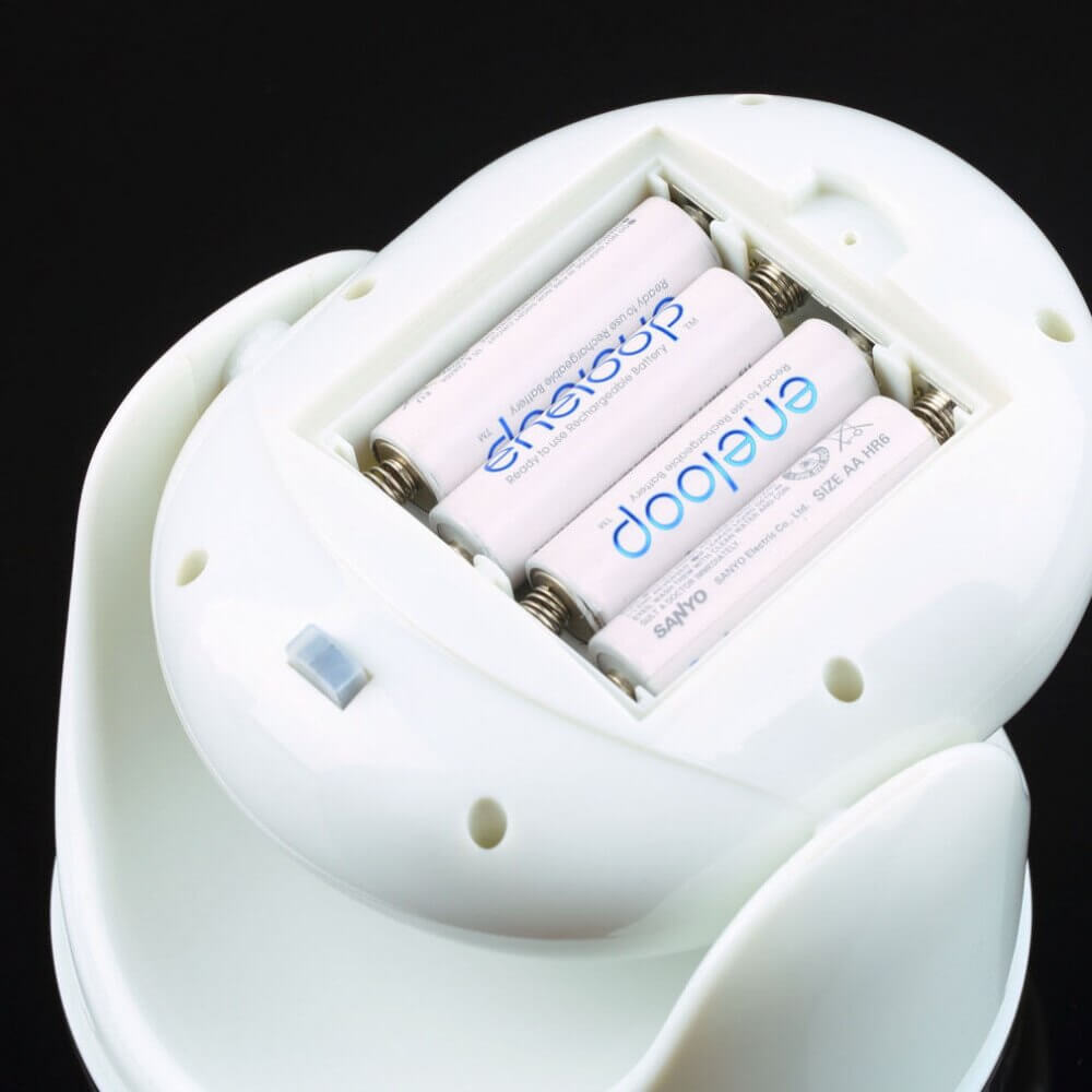Maitinamas 4 × AA baterijomis, tad nereikia jungti prie elektros tinklo. Montavimas itin paprastas ir neinvazinis – šviestuvas tvirtinamas dvipuse lipnia juosta korpuso gale.
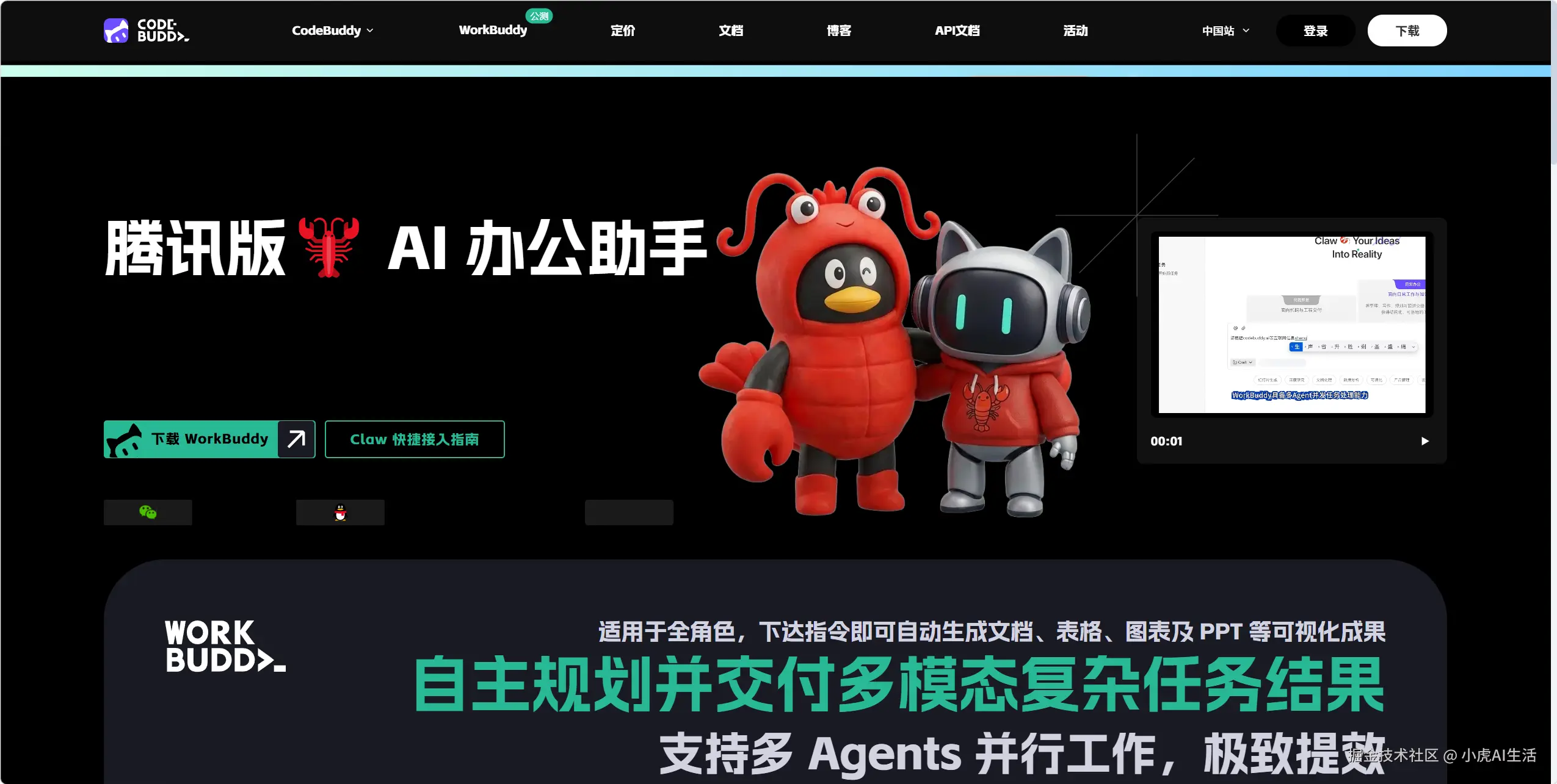 一是 WorkBuddy,腾讯出的 AI Agent 工具,https://workbuddy.tencent.com 下载,微信登录。
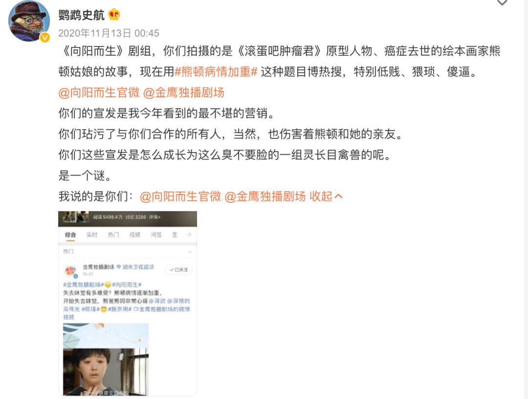 剧方都明白,有人骂就代表有热度,就是成功,但市场上不是没出现过被黑红话题带崩盘的项目。比如两年前有部剧《向阳而生》,因为用 #熊顿病情加重# 的话题碰瓷与主角同名的已逝作家熊顿,直接拉崩了路人盘(网友普遍认为此举不尊重逝者),剧方后续做再多补救动作也没能挽回口碑。

## [EXERCISE GOAL]
Reproduce every line of the data above, exactly as it stands, but not the pictures.

## [RESULT OF THIS TASK]
Maitinamas 4 × AA baterijomis, tad nereikia jungti prie elektros tinklo. Montavimas itin paprastas ir neinvazinis – šviestuvas tvirtinamas dvipuse lipnia juosta korpuso gale.
 一是 WorkBuddy,腾讯出的 AI Agent 工具,https://workbuddy.tencent.com 下载,微信登录。
 剧方都明白,有人骂就代表有热度,就是成功,但市场上不是没出现过被黑红话题带崩盘的项目。比如两年前有部剧《向阳而生》,因为用 #熊顿病情加重# 的话题碰瓷与主角同名的已逝作家熊顿,直接拉崩了路人盘(网友普遍认为此举不尊重逝者),剧方后续做再多补救动作也没能挽回口碑。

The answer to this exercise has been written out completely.